What you should do: These records contain pictures, which must be left out; copy exactly the lines from the one with "静亭の女将さんにご挨拶。私は" up to and including the one with "沖合いにある、定置網にいるジ".

Data shown:
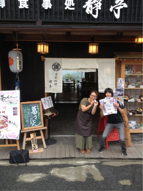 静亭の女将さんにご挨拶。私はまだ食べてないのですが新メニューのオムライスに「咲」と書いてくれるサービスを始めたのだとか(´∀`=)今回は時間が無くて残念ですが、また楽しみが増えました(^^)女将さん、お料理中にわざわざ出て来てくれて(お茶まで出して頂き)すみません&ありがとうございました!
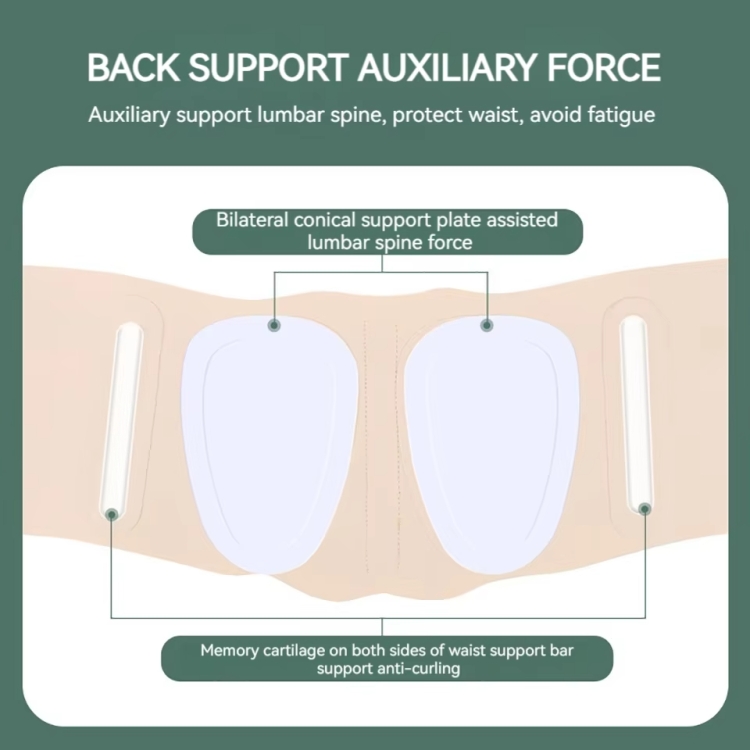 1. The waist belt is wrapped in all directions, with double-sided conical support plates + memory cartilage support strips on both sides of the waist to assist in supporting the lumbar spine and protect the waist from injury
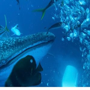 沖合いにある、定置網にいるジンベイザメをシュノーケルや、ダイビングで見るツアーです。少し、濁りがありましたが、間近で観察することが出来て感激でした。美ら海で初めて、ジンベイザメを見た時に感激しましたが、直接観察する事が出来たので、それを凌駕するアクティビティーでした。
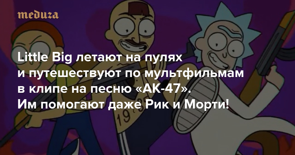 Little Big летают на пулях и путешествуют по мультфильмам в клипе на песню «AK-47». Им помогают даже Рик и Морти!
--
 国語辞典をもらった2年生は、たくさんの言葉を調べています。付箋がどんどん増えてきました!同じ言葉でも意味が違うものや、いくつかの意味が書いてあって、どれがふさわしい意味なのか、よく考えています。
---
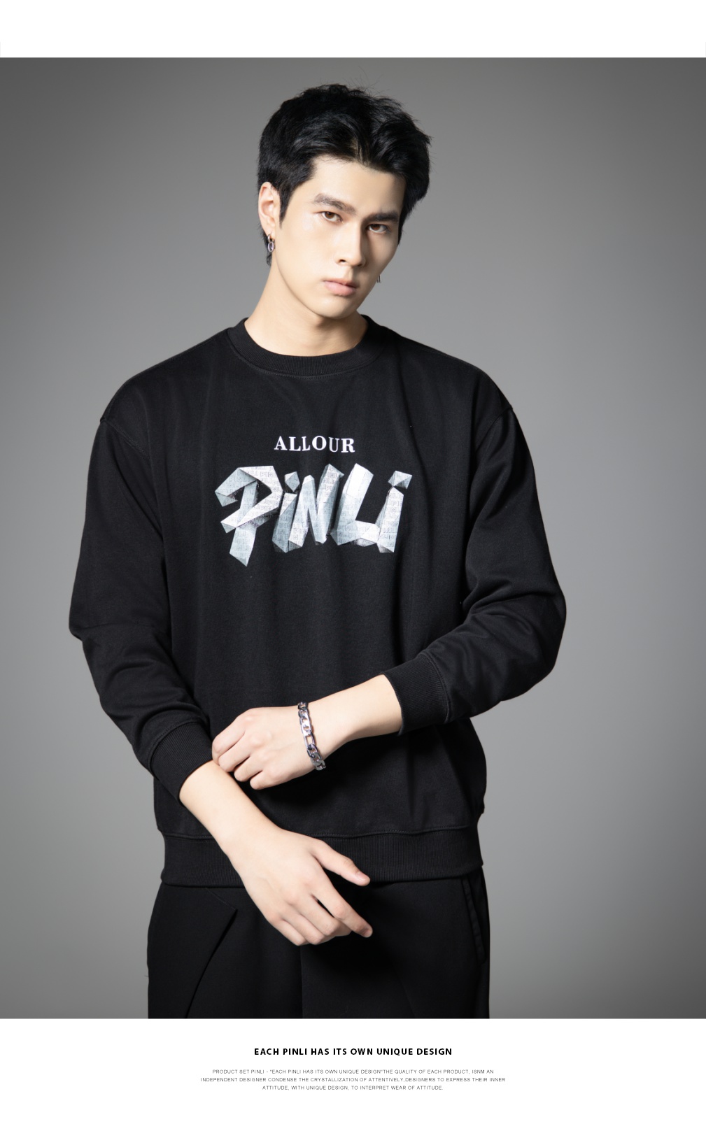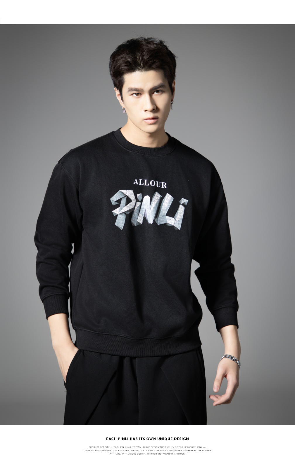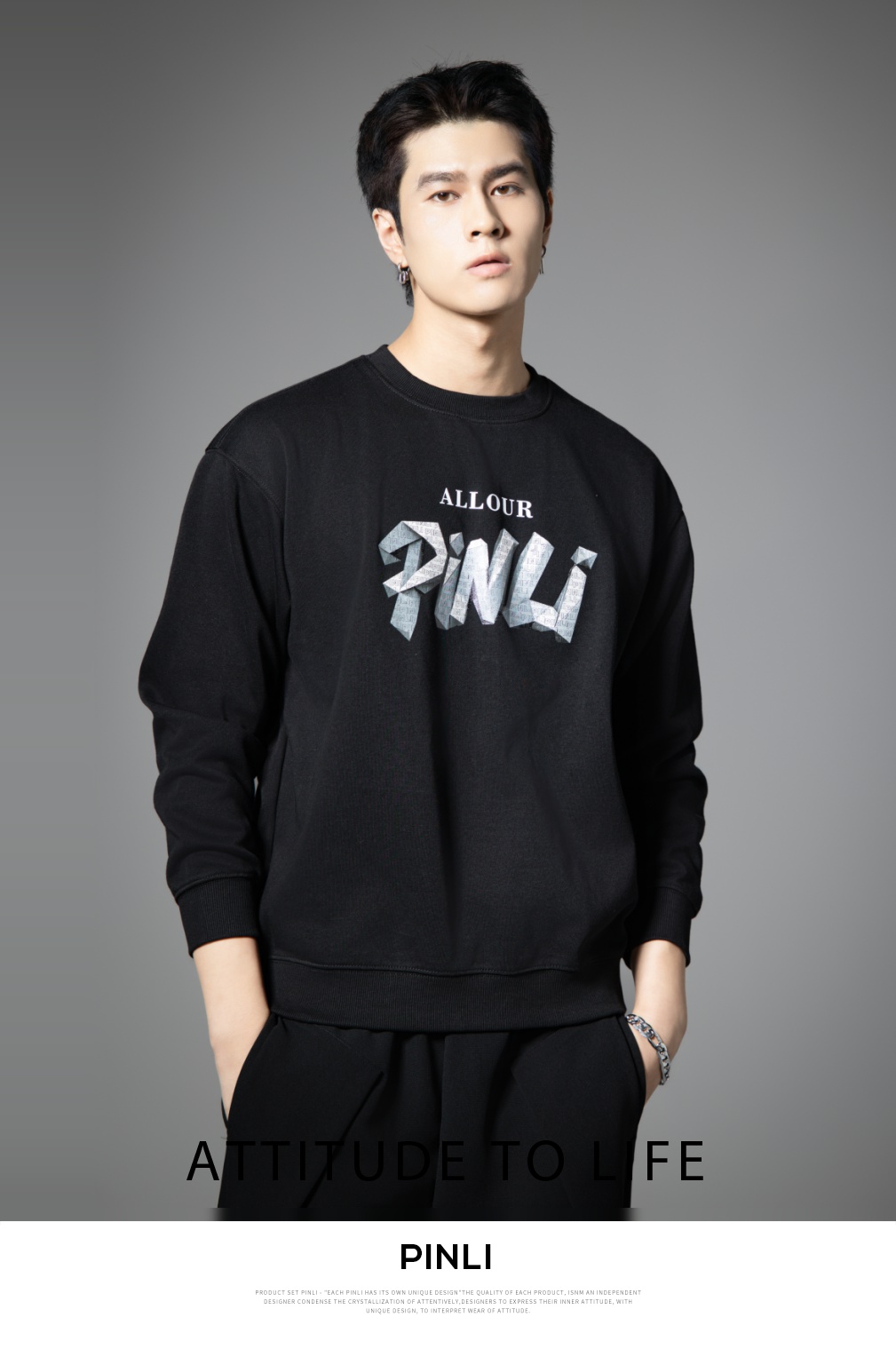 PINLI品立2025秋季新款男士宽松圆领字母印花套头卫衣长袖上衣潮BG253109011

Output for this task:
 静亭の女将さんにご挨拶。私はまだ食べてないのですが新メニューのオムライスに「咲」と書いてくれるサービスを始めたのだとか(´∀`=)今回は時間が無くて残念ですが、また楽しみが増えました(^^)女将さん、お料理中にわざわざ出て来てくれて(お茶まで出して頂き)すみません&ありがとうございました!
 1. The waist belt is wrapped in all directions, with double-sided conical support plates + memory cartilage support strips on both sides of the waist to assist in supporting the lumbar spine and protect the waist from injury
 沖合いにある、定置網にいるジンベイザメをシュノーケルや、ダイビングで見るツアーです。少し、濁りがありましたが、間近で観察することが出来て感激でした。美ら海で初めて、ジンベイザメを見た時に感激しましたが、直接観察する事が出来たので、それを凌駕するアクティビティーでした。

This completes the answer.